- **WHAT THE TASK REQUIRES**
Below are records; print only the lines from the line containing "Antique Green is" to the end, both included, reproduced exactly and without the pictures.

╭──

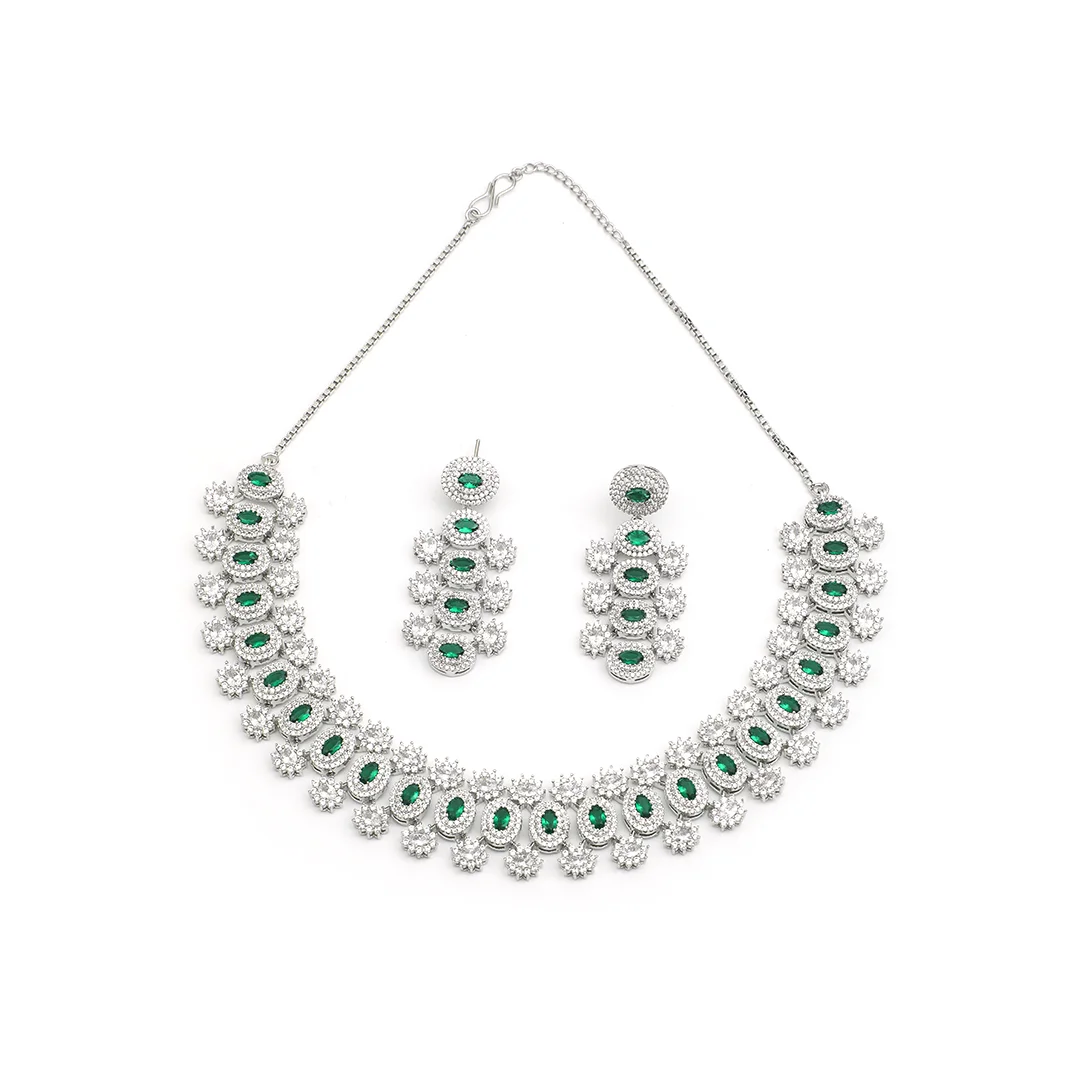 Silver Crafted Necklace Earring & Multi Green CZ Stone Studded Set For Women’s
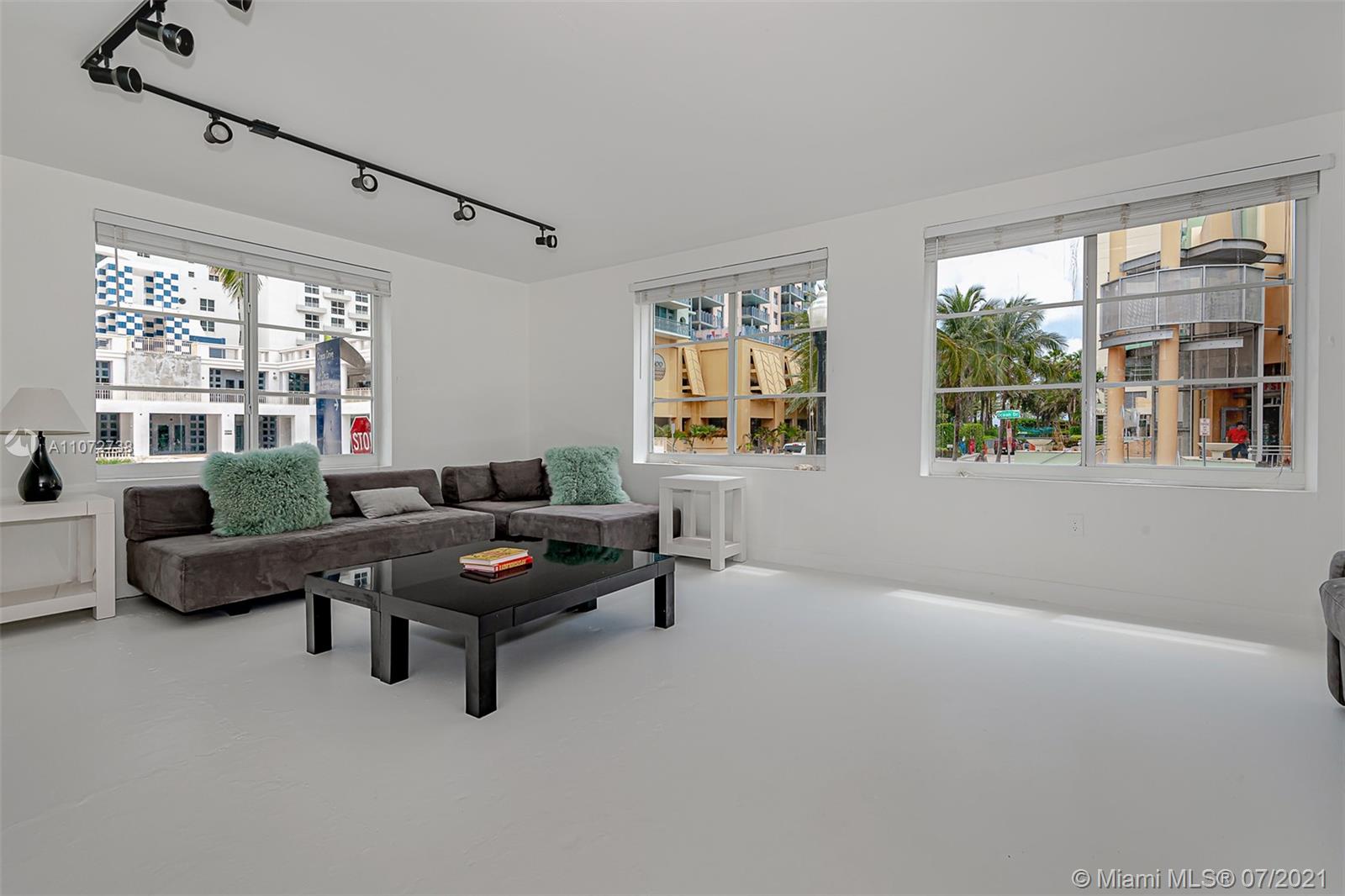 Live on world famous Ocean Drive. Spacious 2 story, 2 bedroom/ 2 bathroom unit. Full of light and directly across from the 15th street Beach access. Open kitchen, tile and concrete living space upstairs - bedrooms downstairs. Amazing opportunity to own a piece of South Beach history. Adjacent units 203 & 205 available as well. Can be acquired separately or as a package deal. Use as live/work space, vacation home or investment. Ask for more info on the Ocean drive transformation planned by the city of Miami Beach.
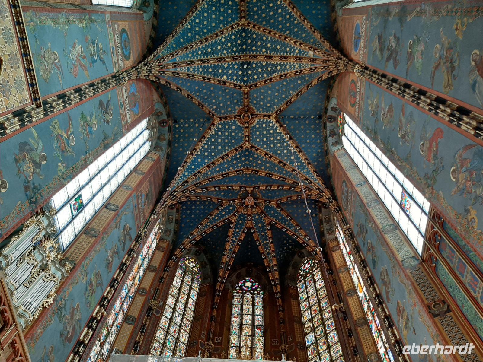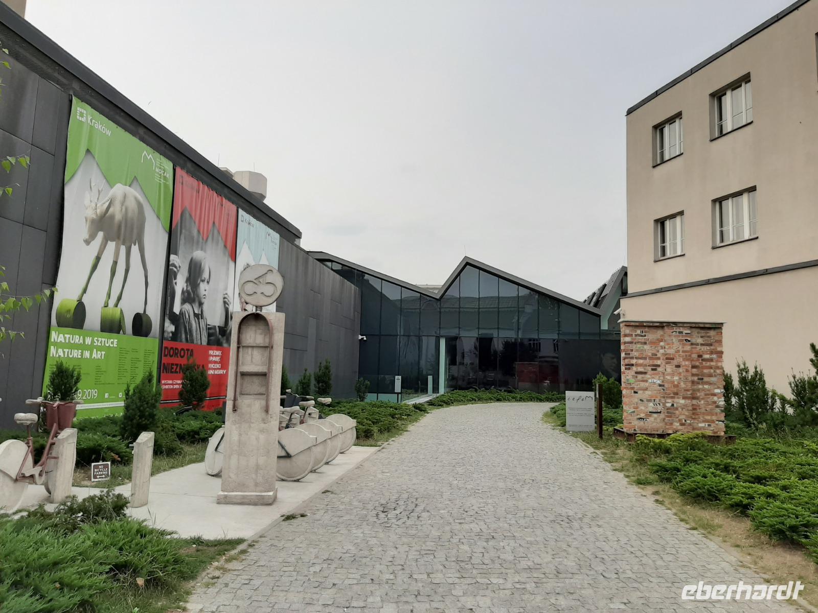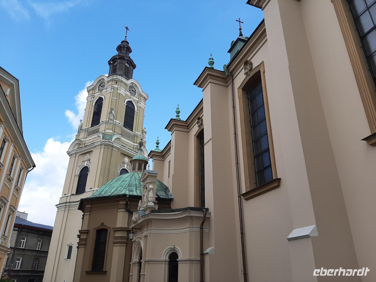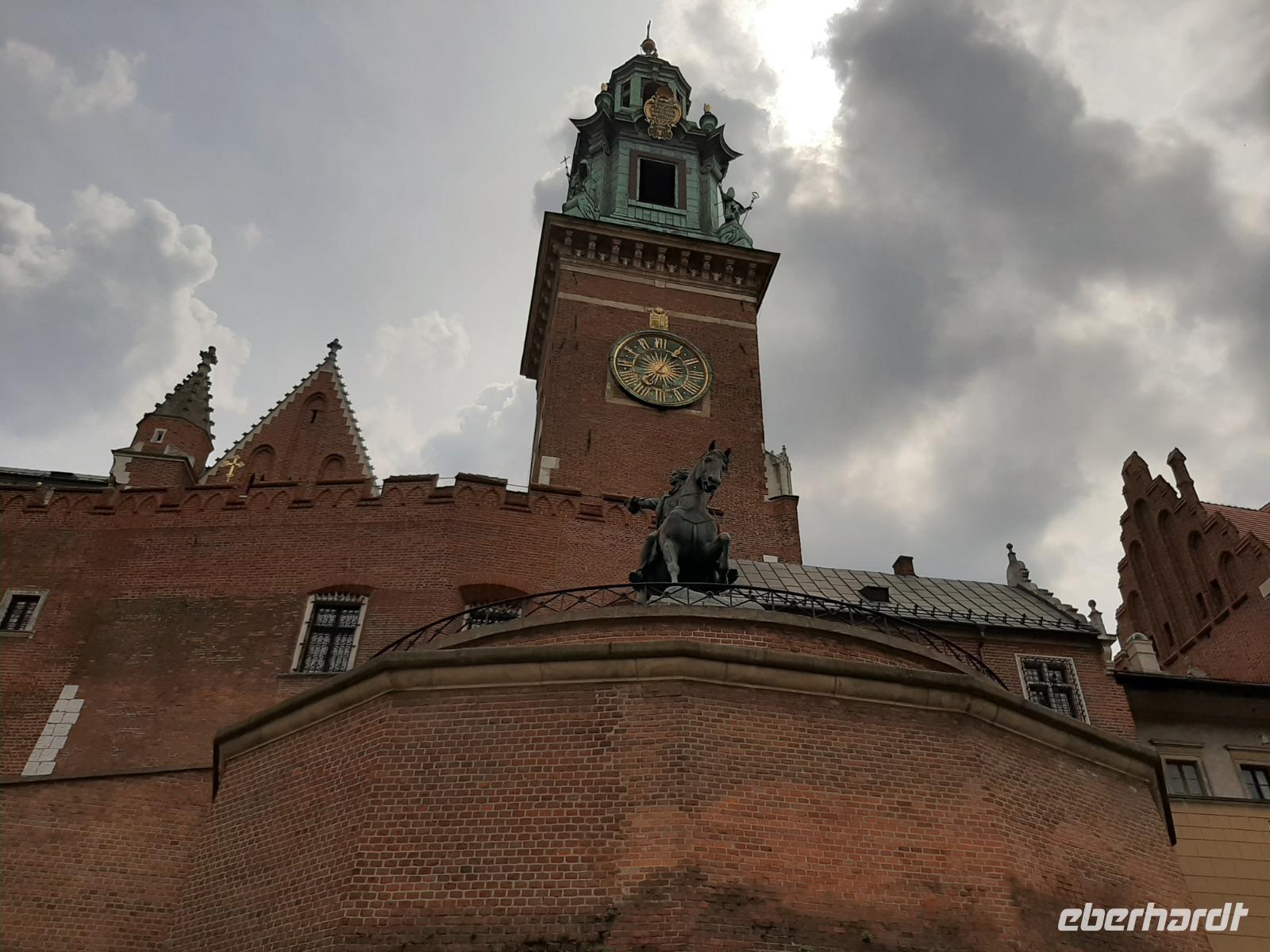 In Krakau hatte es heute nach Tagen starker Hitze unwetterartig geregnet. Als wir am Nachmittag auf dem Flughafen Johannes Paul II., dem zweitgrößten Polens, landen, steht noch überall die Nässe. Der Krakauer Artur Grzybowski heißt uns herzlich willkommen; er wird unser örtlicher Reiseleiter für die Tage in Polen sein. Der Flughafen befindet sich etwa 10 km westlich des Stadtzentrums von Krakau. Somit dauert die Fahrt mit dem komfortablen Kleinbus zu unserem Hotel „Wyspianski" nicht lang. Bei der Fahrt gibt Artur erste Erläuterungen zur Stadt und wir sehen bereits die unterschiedlich hohen Türme der Marienkirche, die das Stadtbild prägen. Wir checken ein und beziehen unsere Zimmer. Bald danach schon treffen wir uns zum ersten gemeinsamen Abendessen., welches kulturell künstlerisch umrahmt wird. Die gebürtige Ukrainerin Zoriana Grzybowska hat Gesang studiert und spielt auf der Bandura, dem alten ukrainischen Instrument, klassiche und volkstümliche Musik und singt dazu. So geht der Anreisetag, der ja meist auch mehr oder weniger anstrengend ist, kulturell sehr anspruchsvoll und entspannend zu Ende.
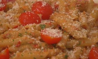 В горячие макароны добавить 2 ст. ложки красного песто, перемешать, влить пару столовых ложек воды, в которой варились макароны, и еще раз перемешать.
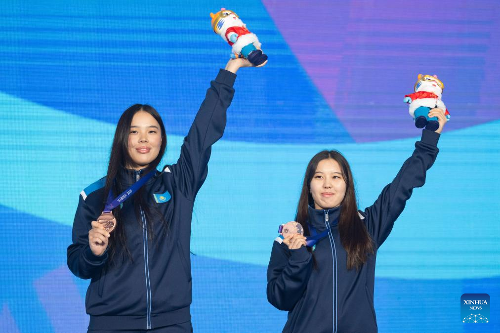Bronze medalists Ardana Makhanova (L)/Ayana Zholdas of Kazakhstan react during the awarding ceremony for the freestyle skiing women's aerials synchro final at the 9th Asian Winter Games in Yabuli, northeast China's Heilongjiang Province, Feb. 11, 2025. (Xinhua/Xie Jianfei)
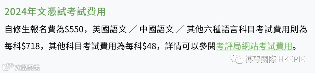 自修生报名费为$550,英国语文 ∕ 中国语文 ∕ 其他六种语言科目考试费用则为每科$718,其他科目考试费用为每科$48 。
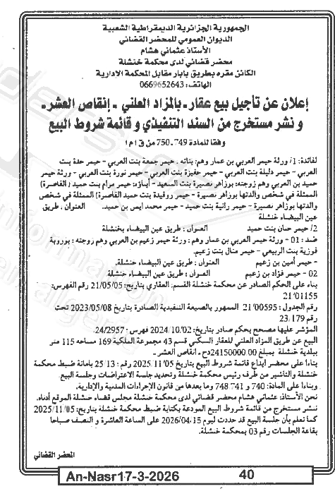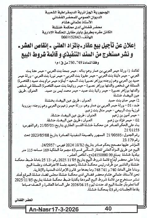 | Paru dans le journal : النصر | |
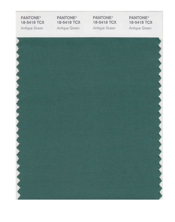 Antique Green is a deep and rich color from the Pantone TCX collection, identified by the code 18-5418 TCX. This cool tone with its balanced character makes it an excellent choice for wellness branding, spa environments, and serene design.
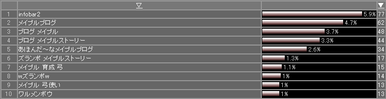 (説明不要でしょうが右から順位、フレーズ、全体の割合、そのフレーズで来た数と、なっております。)
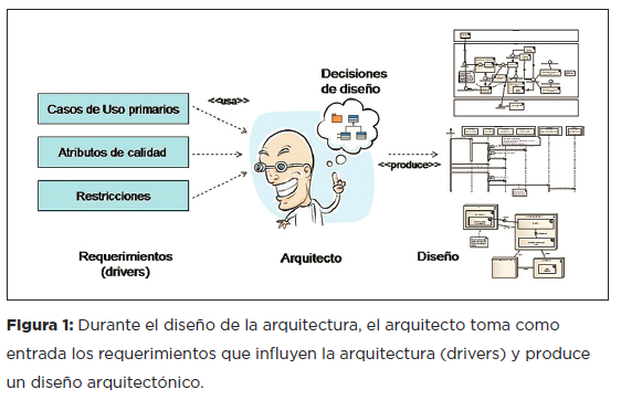Diseño del sistema. La etapa de diseño del sistema es aquella donde el arquitecto de software juega el papel principal, particularmente al momento de diseñar la arquitectura. Aquí el arquitecto debe hacer uso de todas sus habilidades técnicas con el fin de establecer una solución técnica pertinente que satisfaga, en la medida de lo posible, los requerimientos que influyen en la arquitectura (ver Figura 1. La realización del diseño requiere de muchos conocimientos técnicos.
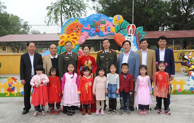 | Thiếu tướng Phạm Văn Miên, Tổng Biên tập Báo CAND tặng "công trình vườn cổ tích" tặng trường mầm non xã Song Giang. |
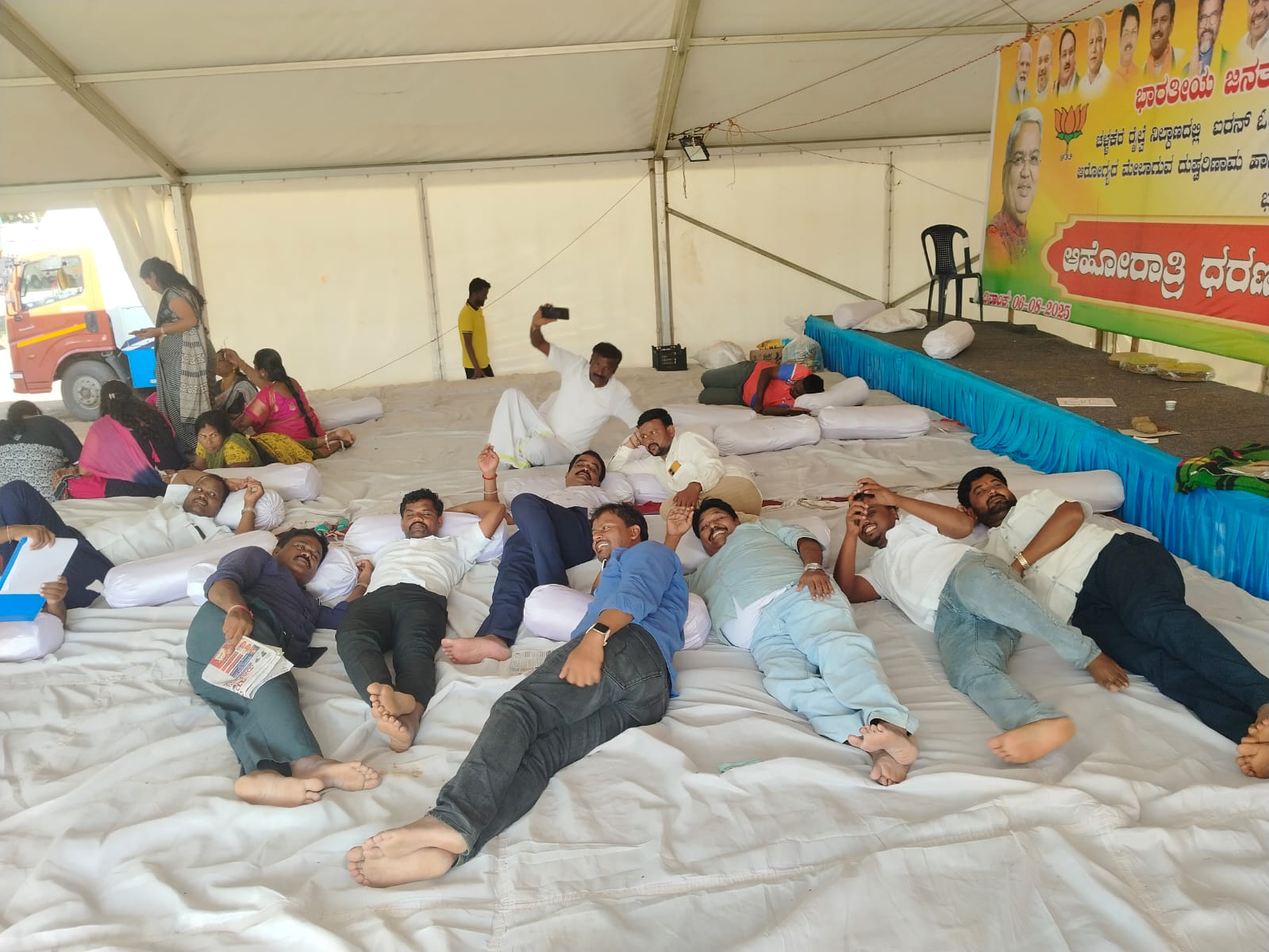 ಇನ್ನೂ ಮೂರು ದಿನಗಳಿಂದ ಸತತವಾಗಿ ಮಳೆ ಗಾಳಿ ಲೆಕ್ಕಿಸದೆ ಧರಣಿ ಮಾಡುವ ಬಿಜೆಪಿ ಕಾರ್ಯಕರ್ತರು ಲಾರಿಯನ್ನು ತಡೆದು ಮೈನಿಂಗ್ ದೂಳು ಬಾರದ ರೀತಿಯಲ್ಲಿ ನೀರು ಹಾಕಿ ತಾಟಪಲ್ ಹಾಕಿಕೊಂಡು ಹೋಗಿ ಎಂದು ಕೆಲ ಕಾಲ ಲಾರಿಯನ್ನು ತಡೆದ ಪ್ರಸಂಗ ಜರುಗಿದೆ.

╰──

- **THE COMPLETED TASK**
 Antique Green is a deep and rich color from the Pantone TCX collection, identified by the code 18-5418 TCX. This cool tone with its balanced character makes it an excellent choice for wellness branding, spa environments, and serene design.
 (説明不要でしょうが右から順位、フレーズ、全体の割合、そのフレーズで来た数と、なっております。)
Diseño del sistema. La etapa de diseño del sistema es aquella donde el arquitecto de software juega el papel principal, particularmente al momento de diseñar la arquitectura. Aquí el arquitecto debe hacer uso de todas sus habilidades técnicas con el fin de establecer una solución técnica pertinente que satisfaga, en la medida de lo posible, los requerimientos que influyen en la arquitectura (ver Figura 1. La realización del diseño requiere de muchos conocimientos técnicos.
 | Thiếu tướng Phạm Văn Miên, Tổng Biên tập Báo CAND tặng "công trình vườn cổ tích" tặng trường mầm non xã Song Giang. |
 ಇನ್ನೂ ಮೂರು ದಿನಗಳಿಂದ ಸತತವಾಗಿ ಮಳೆ ಗಾಳಿ ಲೆಕ್ಕಿಸದೆ ಧರಣಿ ಮಾಡುವ ಬಿಜೆಪಿ ಕಾರ್ಯಕರ್ತರು ಲಾರಿಯನ್ನು ತಡೆದು ಮೈನಿಂಗ್ ದೂಳು ಬಾರದ ರೀತಿಯಲ್ಲಿ ನೀರು ಹಾಕಿ ತಾಟಪಲ್ ಹಾಕಿಕೊಂಡು ಹೋಗಿ ಎಂದು ಕೆಲ ಕಾಲ ಲಾರಿಯನ್ನು ತಡೆದ ಪ್ರಸಂಗ ಜರುಗಿದೆ.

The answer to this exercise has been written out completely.